Type "exit<RETURN>" to leave the HBase Shell
Version 0.90.4, r1150278, Sun Jul 24 15:53:29 PDT 2011

hbase(main):001:0> list
TABLE webpage
1 row(s) in 0.5270 seconds

Install Nutch

install ant
[root@netfox ~]# apt-get install ant
switch user and folder
[root@netfox ~]# su hadoop
[hadoop@netfox root]$ cd ~
get nutch tar file
[hadoop@netfox ~]$ wget http://www.eu.apache.org/dist/nutch/2.2.1/apache-nutch-2.2.1-src.tar.gz
untar this file
[hadoop@netfox webcrawer]$ tar -vxf apache-nutch-2.2.1-src.tar.gz
add to /etc/profile

export NUTCH_HOME=/home/hadoop/webcrawer/apache-nutch-2.2.1
export PATH=$NUTCH_HOME/runtime/deploy/bin:$HADOOP_HOME/bin:$HBASE_HOME/bin:$JAVA_HOME/bin:$PATH
change /home/hadoop/webcrawer/apache-nutch-2.2.1/conf/hbase-site.xml as below
<?xml version="1.0"?>
<?xml-stylesheet type="text/xsl" href="configuration.xsl"?>

<configuration>

  <property>
    <name>hbase.rootdir</name>
    <value>hdfs://master:9001/hbase</value>
  </property>

  <property>
    <name>hbase.cluster.distributed</name>
    <value>true</value>
  </property>

  <property>
    <name>hbase.zookeeper.quorum</name>
    <value>localhost</value>
  </property>

</configuration>
change /home/hadoop/webcrawer/apache-nutch-2.2.1/conf/nutch-site.xml as below
<?xml version="1.0"?>
<?xml-stylesheet type="text/xsl" href="configuration.xsl"?>



<configuration>

    <property>
        <name>storage.data.store.class</name>
        <value>org.apache.gora.hbase.store.HBaseStore</value>
        <description>Default class for storing data</description>
    </property>
    <property>
        <name>http.agent.name</name>
        <value>NutchCrawler</value>
    </property>
    <property>
        <name>http.robots.agents</name>
        <value>NutchCrawler,*</value>
    </property>

</configuration>
Uncomment the following in the /home/hadoop/webcrawer/apache-nutch-2.2.1/ivy/ivy.xml file
<dependency org="org.apache.gora" name="gora-hbase" rev="0.2"
conf="*->default" />
add to /home/hadoop/webcrawer/apache-nutch-2.2.1/conf/gora.properties file
gora.datastore.default=org.apache.gora.hbase.store.HBaseStore
go to nutch installation folder(/home/hadoop/webcrawer/apache-nutch-2.2.1) and run
ant clean
ant runtime
Create a directory in HDFS to upload the seed urls.
[hadoop@netfox ~]$ hadoop dfs -mkdir urls
Create a text file with the seed URLs for the crawl.

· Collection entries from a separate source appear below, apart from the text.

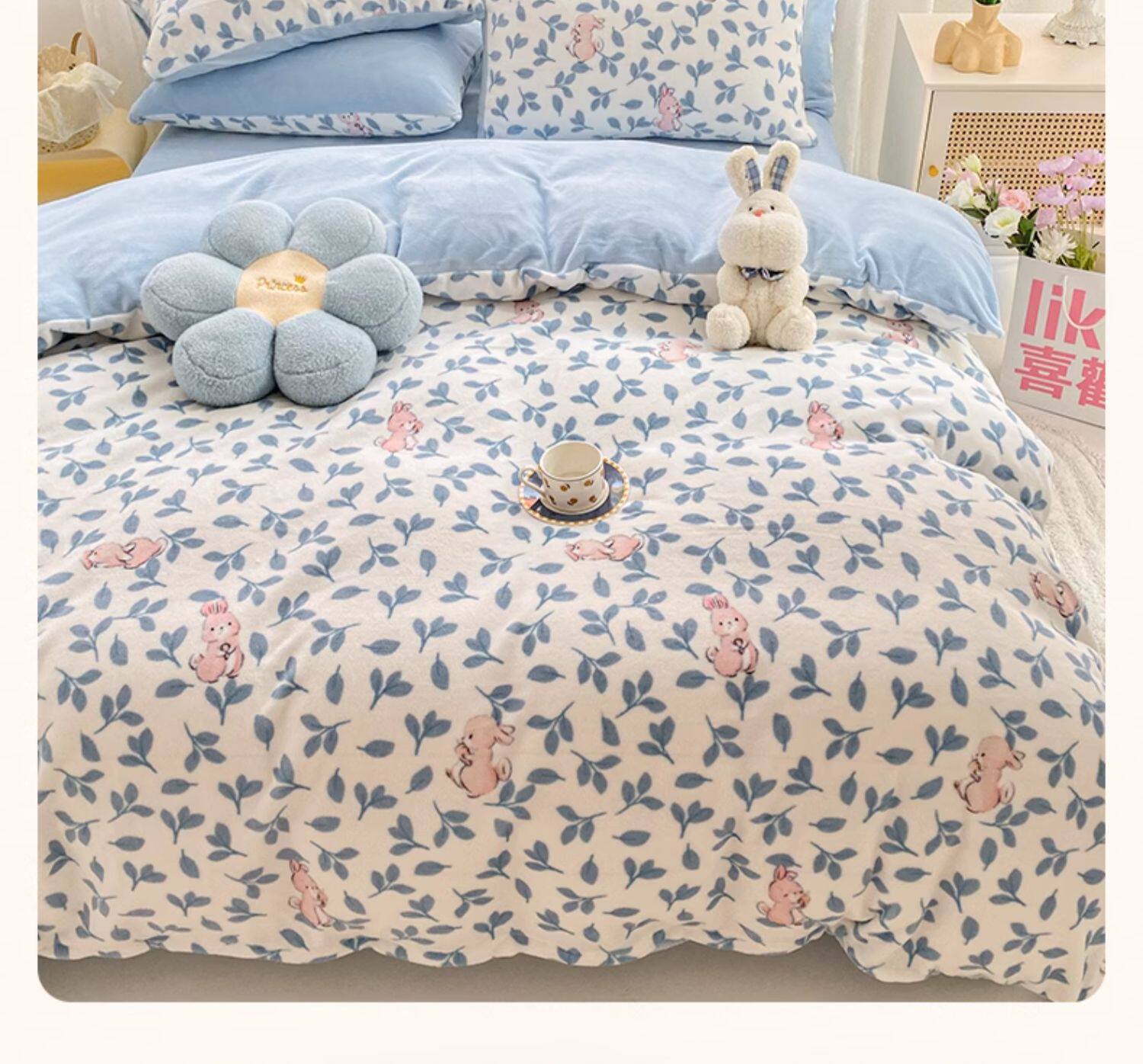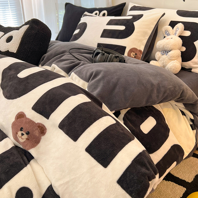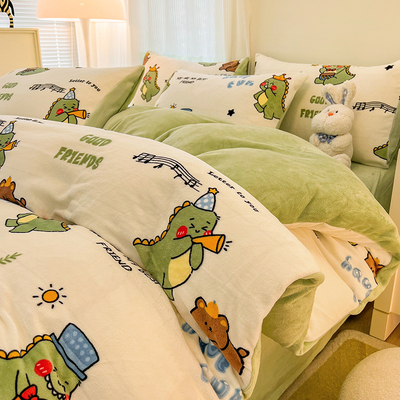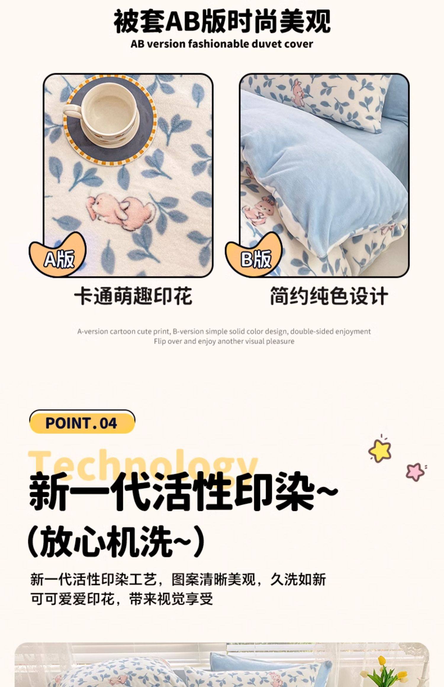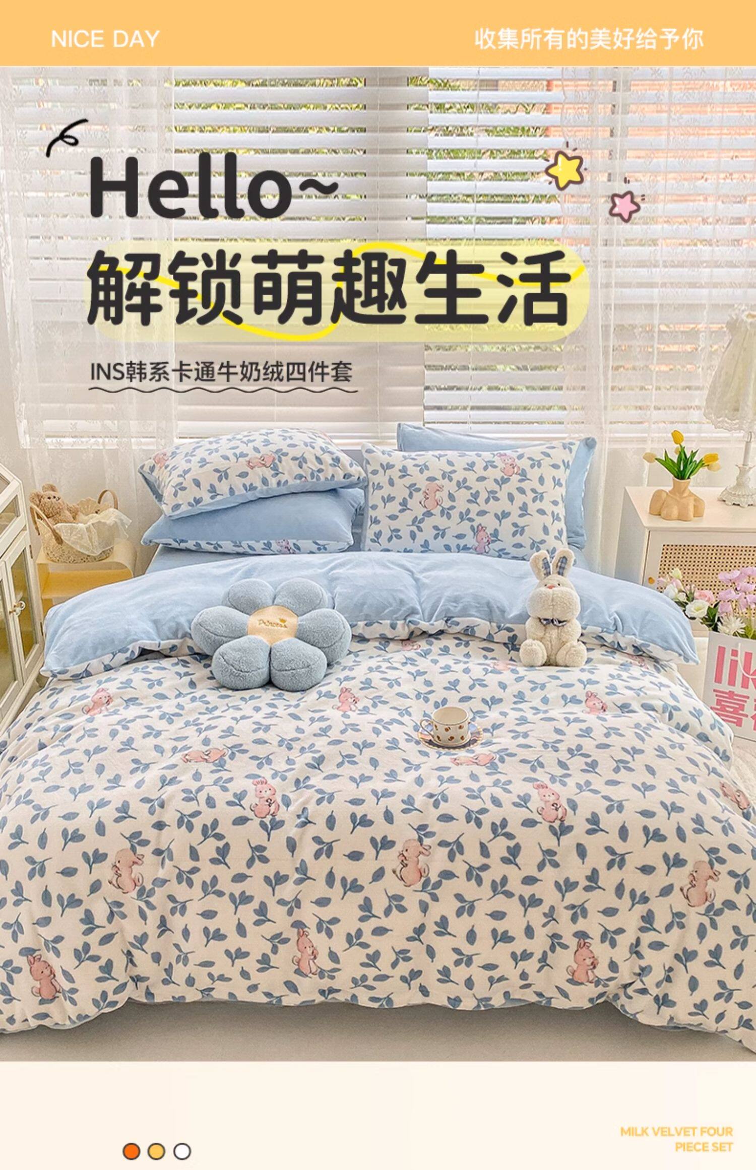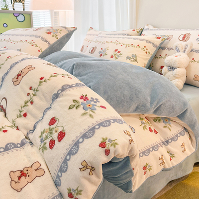 冬季加厚牛奶绒四件套珊瑚绒被套双面加绒毛床单床上三件套法兰绒
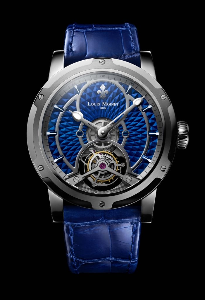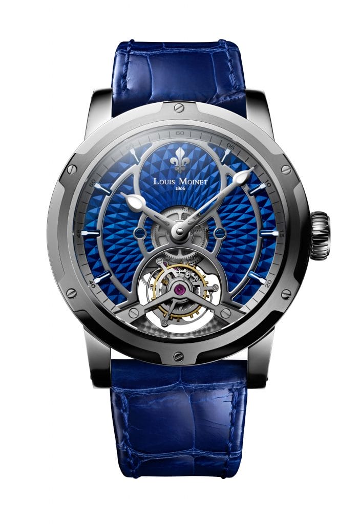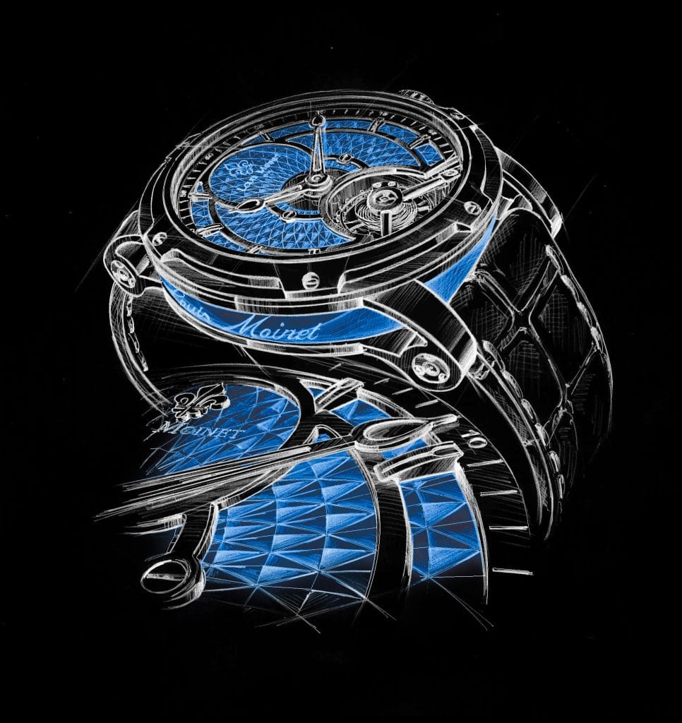 « L’idée de Mogador est de combiner l’énergie et l’harmonie de nos nouvelles couleurs identitaires, le bleu Moinet et l’argenté Polaire. Il en résulte une création puissante et épurée, mettant en valeur l’intensité des teintes » explique Jean-Marie Schaller, CEO des Ateliers Louis Moinet.
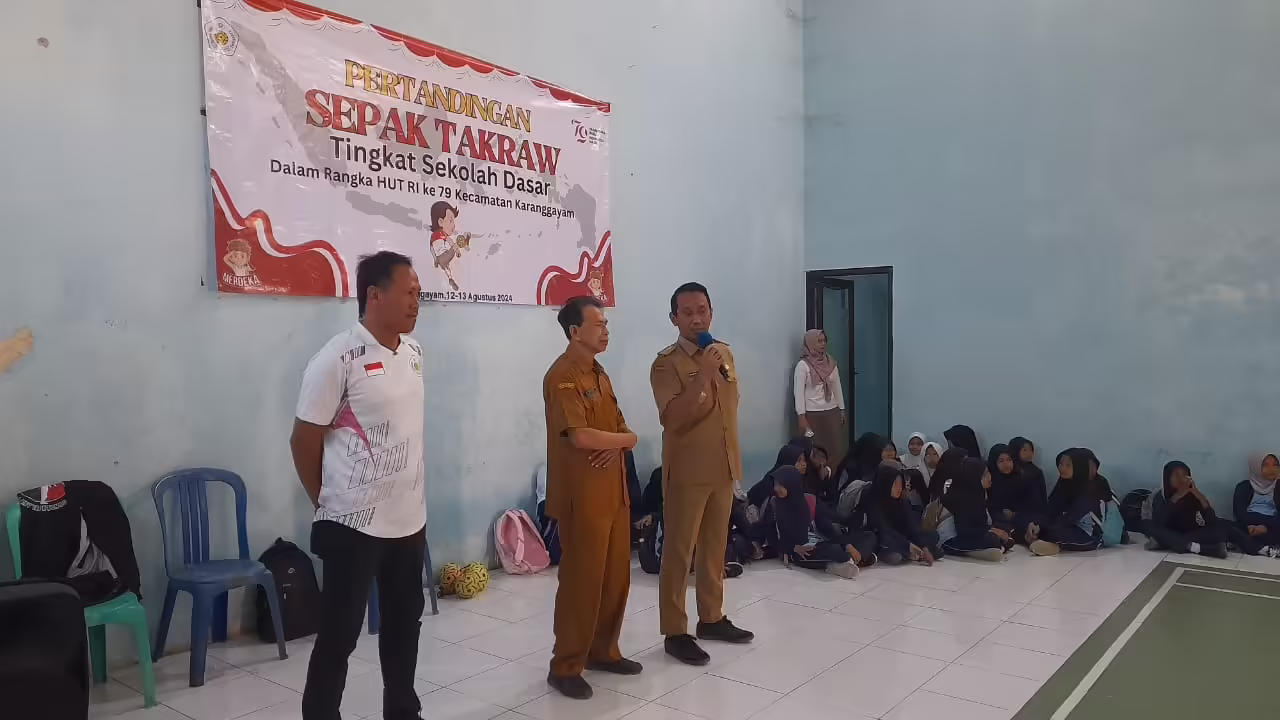 ” Untuk itulah kami dari Forkompincam Karanggayam untuk menggairahkan serta menyemarakkan sepak takraw juga memeriahkan HUT RI ke-79 menggelar kejuaraan / turnamen sepak takraw usia dini agar bibit – bibit sepak takraw tumbuh bagus dan sepak takraw semakin bagus”, ujar Camat Karanggayam.
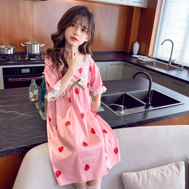 Girls' nightdress summer ice silk 2022 new skirt children's summer girl thin section short-sleeved princess wind pajamas summer
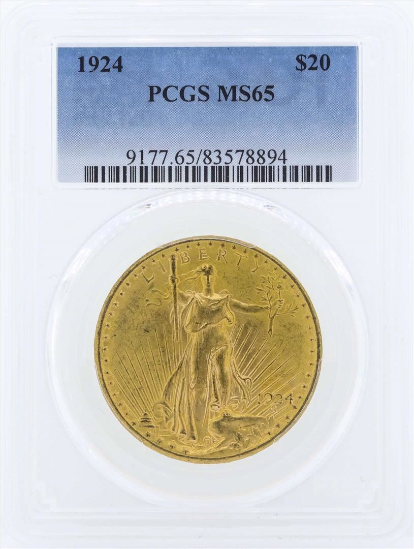 One 1924 $20 St. Gaudens Double Eagle Gold Coin PCGS MS65. PCGS Graded.
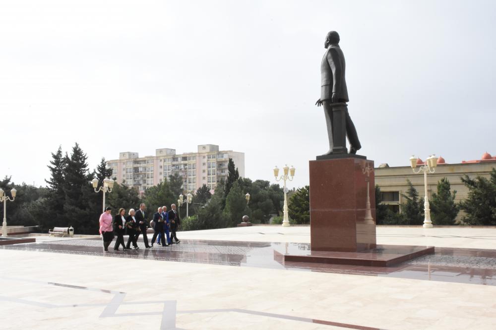 Tədbir iştirakçıları əvvəlcə Ulu öndər Heydər Əliyevin Mərkəzin qarşısında yerləşən abidəsi önünə gül dəsətələri düzərək əziz xatirəsinə dərin ehtiramlarını bildiriblər.
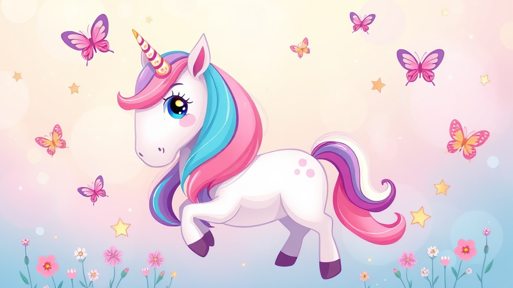 An enchanting and vibrant illustration depicting a whimsical unicorn, adorned with a prismatic mane and tail, set against a dreamy pastel backdrop. The unicorn's sparkling eyes and playful pose exude charm and innocence, reminiscent of a charming clip art style. The scene is filled with delightful details—fluttering butterflies, twinkling stars, and delicate flowers—creating a lovely and cute composition. This artwork is perfect for an ArtStation gallery, capturing the magic and allure of a mythical world with a touch of joyful fantasy.
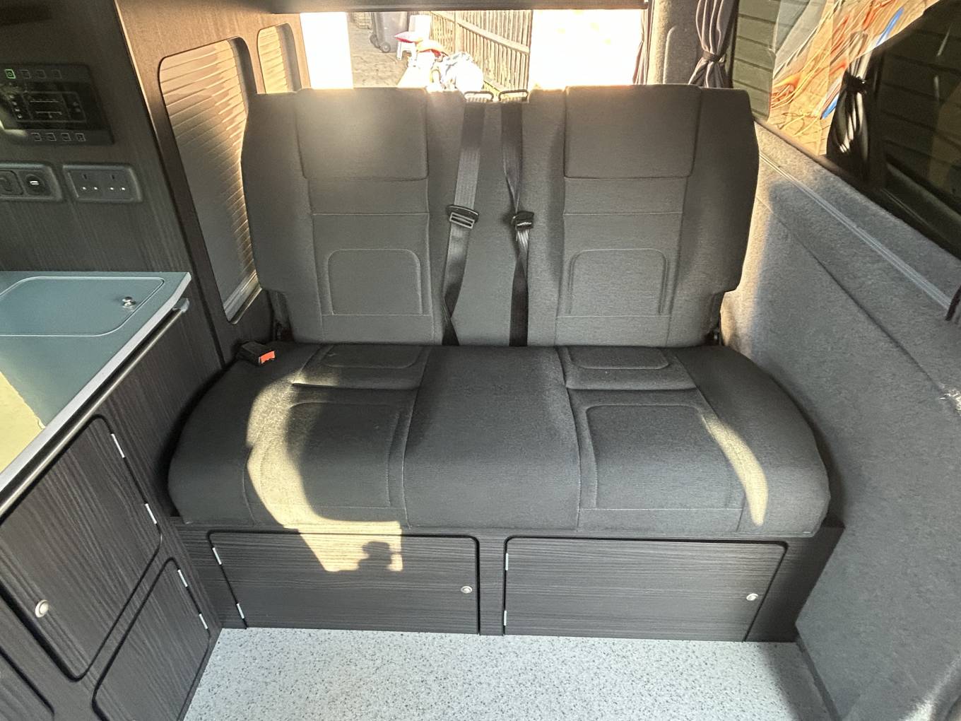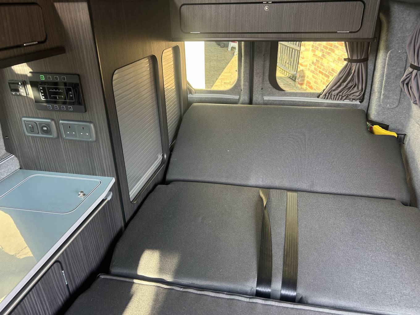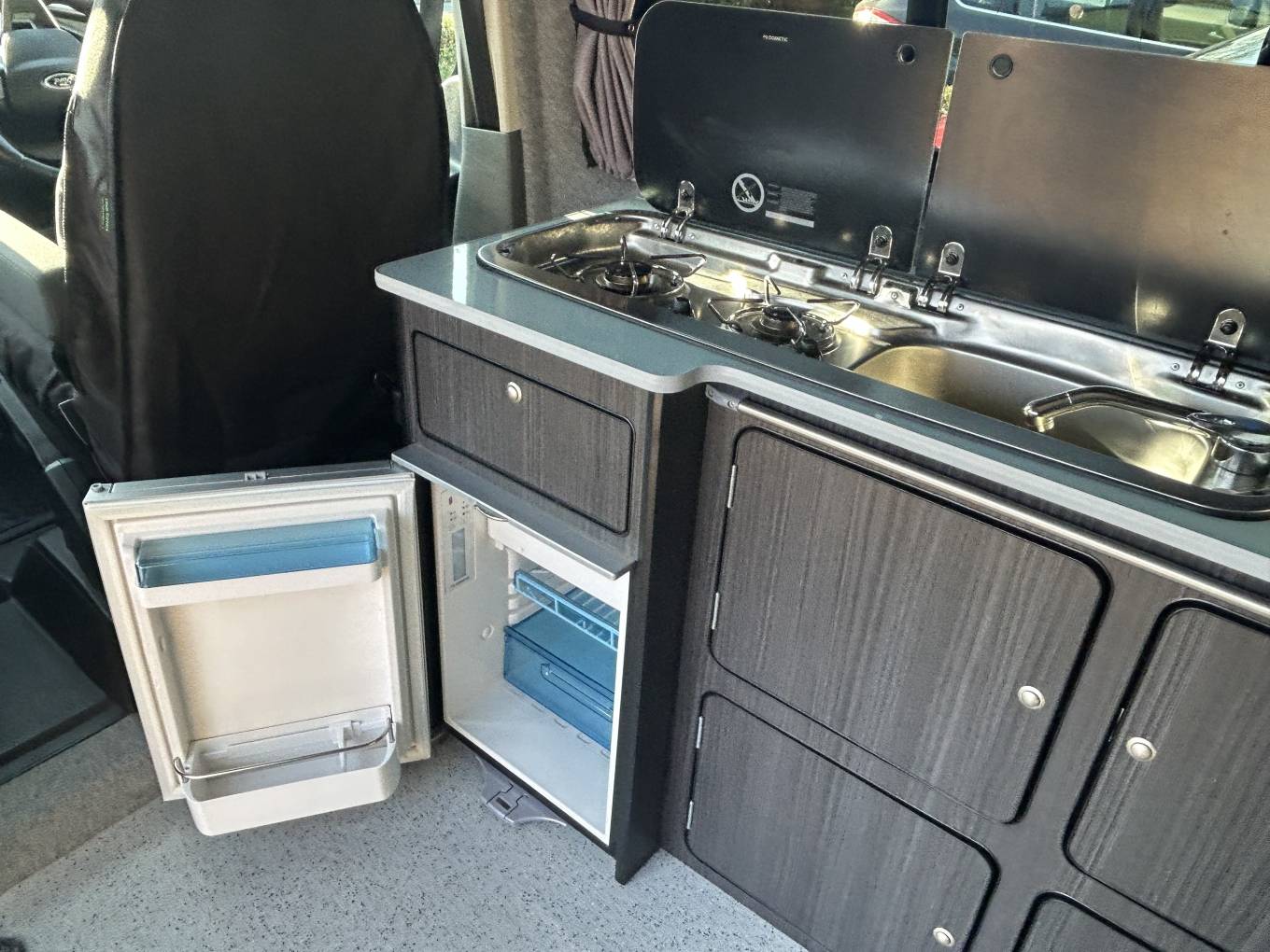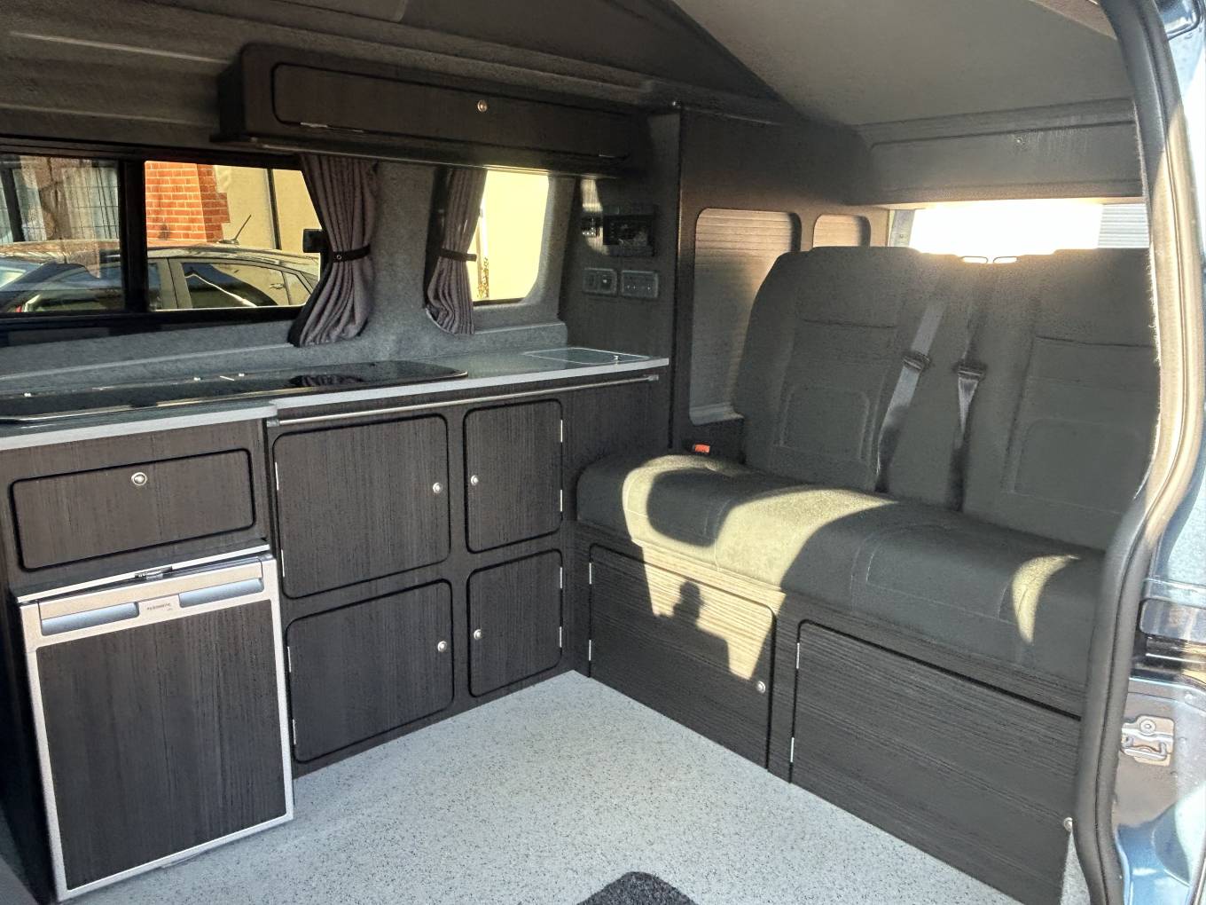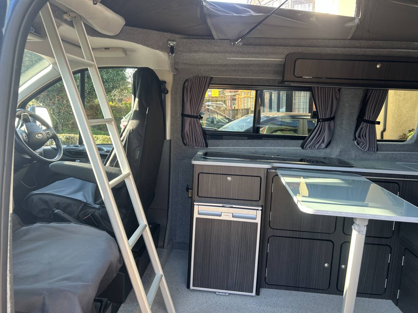 As mentioned, this camper is built to the highest standard and includes all the standard features in a camper and much more. It has a gas hob with two burners, cold water sink and 12v Fridge and LED lighting in the cabin area. It also comes with a diesel heater, swivel passenger seat and heavy duty Altro non slip flooring. Sleeping in this long wheel base camper is extremely comfortable with the option of the Rib bed or the large sleeping area in the Pop Top roof. This camper has lots of cupboards and storage space, with additional storage found under the RIB bed. The camper has a Full Power Management System with 240v Hook Up (cable included), leisure battery and solar panel for off grid use. The camper also has an awning rail attachment and the owner has a drive away blow up awning that is available on separate negotiaton.

Upload the seed URLs file to the directory created in the above step
[hadoop@netfox ~]$ hadoop dfs -put seed.txt urls
Issue the following command from inside the copied deploy directory in the
JobTracker node to inject the seed URLs to the Nutch database and to generate the
initial fetch list(-topN <N> - number of top URLs to be selected, default is Long.MAX_VALUE )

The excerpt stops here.